[FILLED][Master Internship 2023] Diffusion-based Deep Generative Models for Audio-visual Speech Modeling

General information

Duration: 5 to 6 months, starting March or April 2023
Location: Nancy; LORIA laboratory; MULTISPEECH Team
Supervisors: Mostafa SADEGHI (mostafa (dot) sadeghi (at) inria.fr), Romain SERIZEL (romain (dot) serizel (at) loria.fr)


This master internship is part of the REAVISE project: “Robust and Efficient Deep Learning based Audiovisual Speech Enhancement” (2023-2026) funded by the French National Research Agency (ANR). The general objective of REAVISE is to develop a unified audio-visual speech enhancement (AVSE) framework that leverages recent methodological breakthroughs in statistical signal processing, machine learning, and deep neural networks in order to design a robust and efficient AVSE framework.

The intern will be supervised by Mostafa Sadeghi (researcher, Inria) and Romain Serizel (associate professor, University of Lorraine), as members of the MULTISPEECH team, and will benefit from the research environment, expertise, and computational resources (GPU & CPU) of the team.


Recently, diffusion models have gained much attention due to their powerful generative modeling performance, in terms of both the diversity and quality of the generated samples [1]. It consists of two phases, where during the so-called forward diffusion process, input data are mapped into Gaussian noise by gradually perturbing the data.
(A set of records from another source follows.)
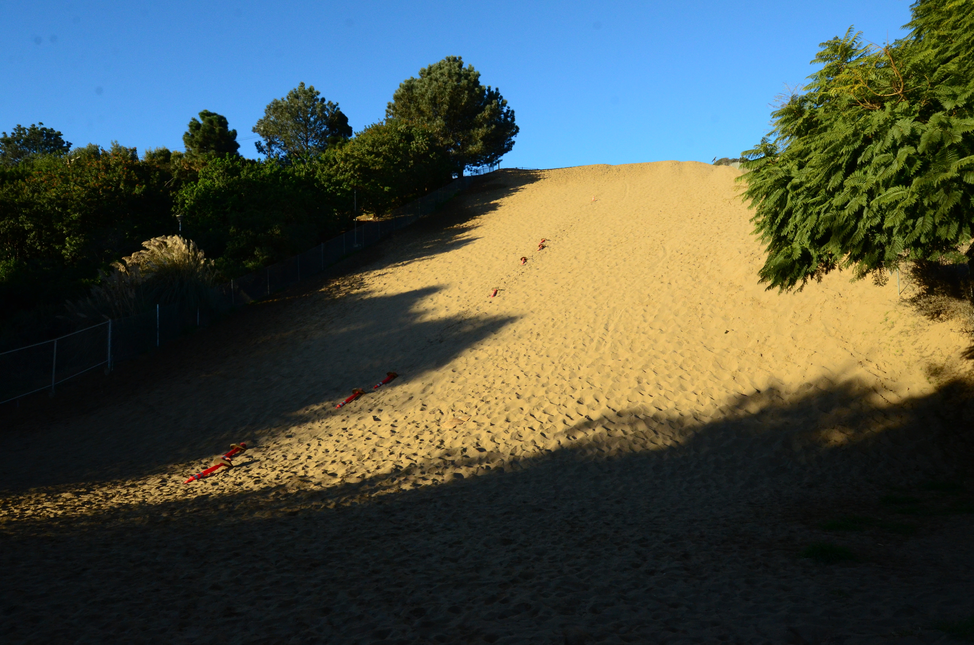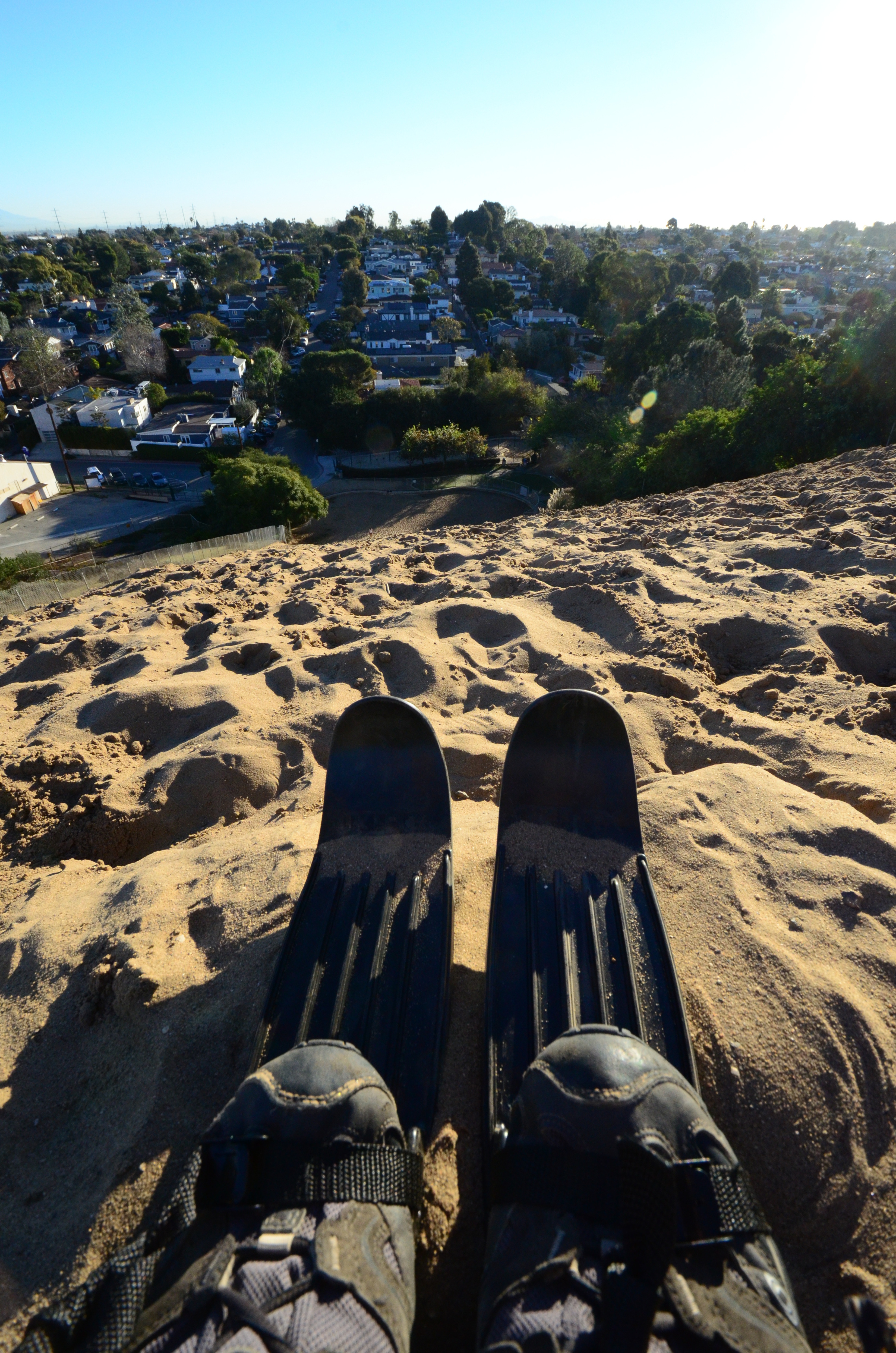 My work took me to Los Angeles. Very interesting work and even more interesting people to meet, but it also presented obstacles: no free time and no snow. But I sneaked out for an early morning outing, at the time normal people would be having breakfast or doing their morning jog. As for the lack of snow, well, how about sand? But for that I needed to find a dune. It turns out that Sand Dune Park near LAX hosts the sole remaining sand dune in the city. This 100-foot hill is an incredibly nice exercise spot; running up and down the dune is effective, and the setting is beautiful. And while the height of the dune is nominally 100 feet, on every step you will fall down a bit in the soft sand. A few runs back and forth will be a nice workout. Much better than any gym!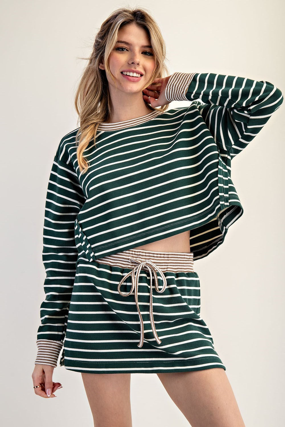 The Maisel Pullover is a striped cropped top with dropped shoulders, contrast ribbed trim, and exposed seaming—soft, stylish, and effortlessly casual.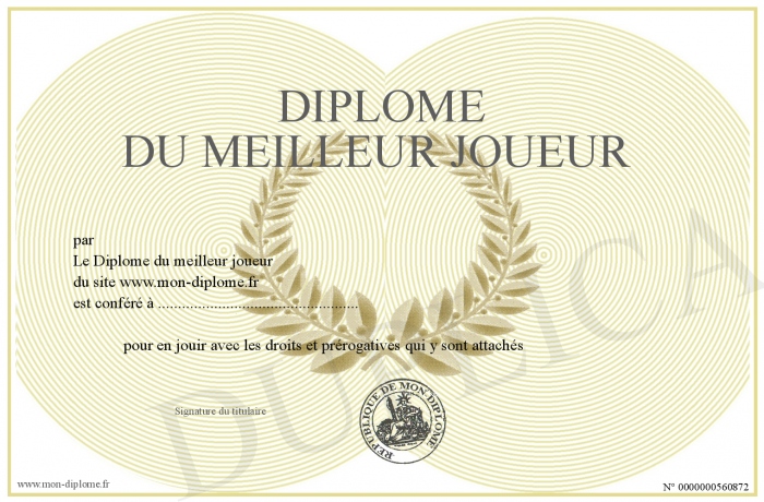 Envoyez par email votre Diplôme du meilleur joueur personalisé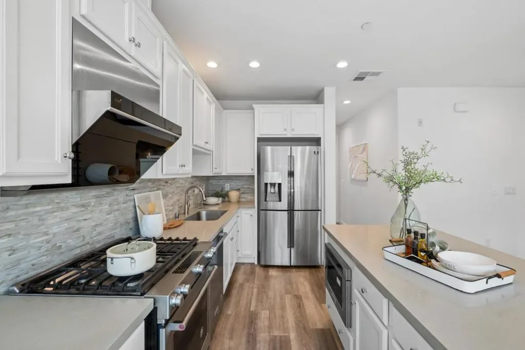 *6-Year-New Townhome Blending Modern Design, Energy Efficiency & Prime Silicon Valley Location. This beautifully upgraded home offers a bright, open-concept layout where the spacious living room flows seamlessly into the dining area and gourmet kitchen, extending to a private patio. The kitchen features quartz countertops, a designer backsplash, a large island, stainless steel appliances, and custom white maple cabinetry. *A desirable bedroom and full bath on the main living level provides flexibility for guests, a home office, or multigenerational living. The primary suite features an ensuite bath and a walk-in closet, creating a comfortable private retreat. Enjoy premium modern upgrades including recessed lighting, central A/C & heating, tankless water heater with water softener & purification system, paid-off solar for significant electricity savings, EV charger outlet, and an attached 2-car garage. *Top-rated schools, including Northwood Elem (9/10) and Morrill Middle School (8/10, 2024 California Distinguished School), plus renowned private options like Merryhill, Stratford, and Challenger. Walk to Milpitas BART with quick access to Highways 880, 237, and 680 for an easy commute to major tech employers. Close to Great Mall, Trader Joes, H Mart, Costco, 99 Ranch, and more.

Then, during a reverse process, a denoising neural network is learned that removes the added noise at each step, starting from pure Gaussian noise, to eventually recover the original clean data. Diffusion models have found numerous successful applications, particularly in computer vision, e.g., text-conditioned image synthesis, outperforming previous generative models, including variational autoencoders (VAEs), generative adversarial networks (GANs), and normalizing flows (NFs). Diffusion models have also been successfully applied to audio and speech signals, e.g., for audio synthesis [2] and speech enhancement [3].


Despite their rapid progress and application extension, diffusion models have not yet been applied to audiovisual speech modeling. This task involves joint modeling of audio and visual modalities, where the latter concerns the lip movements of the speaker, as there is a correlation between what is being said and the lip movements. This joint modeling effectively incorporates the complementary information of visual modality for speech generation. Such a framework has already been established based on VAEs [4]. Given the great potential and advantages of diffusion models, in this project, we would like to develop a diffusion-based audio-visual generative modeling framework, where the generation of audio modality, i.e., speech, is conditioned on the visual modality, i.e., lip images, similarly to text-conditioned image synthesis. This might then serve as an efficient representation learning framework for downstream tasks, e.g., audio-visual speech enhancement (AVSE) [4].

Required skills

Background in statistical (speech) signal processing, computer vision, machine learning, and deep learning frameworks (Python, PyTorch) is preferred.

How to apply

Interested candidates should submit their transcripts, a detailed CV, and a cover letter (optional).


[1] L. Yang, Z. Zhang, Y. Song, S. Hong, R. Xu, Y. Zhao, Y. Shao, W. Zhang, B. Cui, and M. H. Yang, “Diffusion models : A comprehensive survey of methods and applications,” arXiv preprint arXiv :2209.00796, 2022.
[2] Z. Kong, W. Ping, J. Huang, K. Zhao, and B. Catanzaro, “Diffwave : A versatile diffusion model for audio synthesis,” arXiv preprint arXiv :2009.09761, 2020.
[3] Y. J. Lu, Z. Q. Wang, S. Watanabe, A. Richard, C. Yu, and Y. Tsao, “Conditional diffusion probabilistic model for speech enhancement,” IEEE International Conference on Acoustics, Speech and Signal Processing (ICASSP), 2022.
[4] M. Sadeghi, S. Leglaive, X. Alameda-Pineda, L. Girin, and R. Horaud, “Audio-visual speech enhancement using conditional variational auto-encoders,” IEEE/ACM Transactions on Audio, Speech, and Language Processing, vol. 28, pp. 1788 –1800, 2020.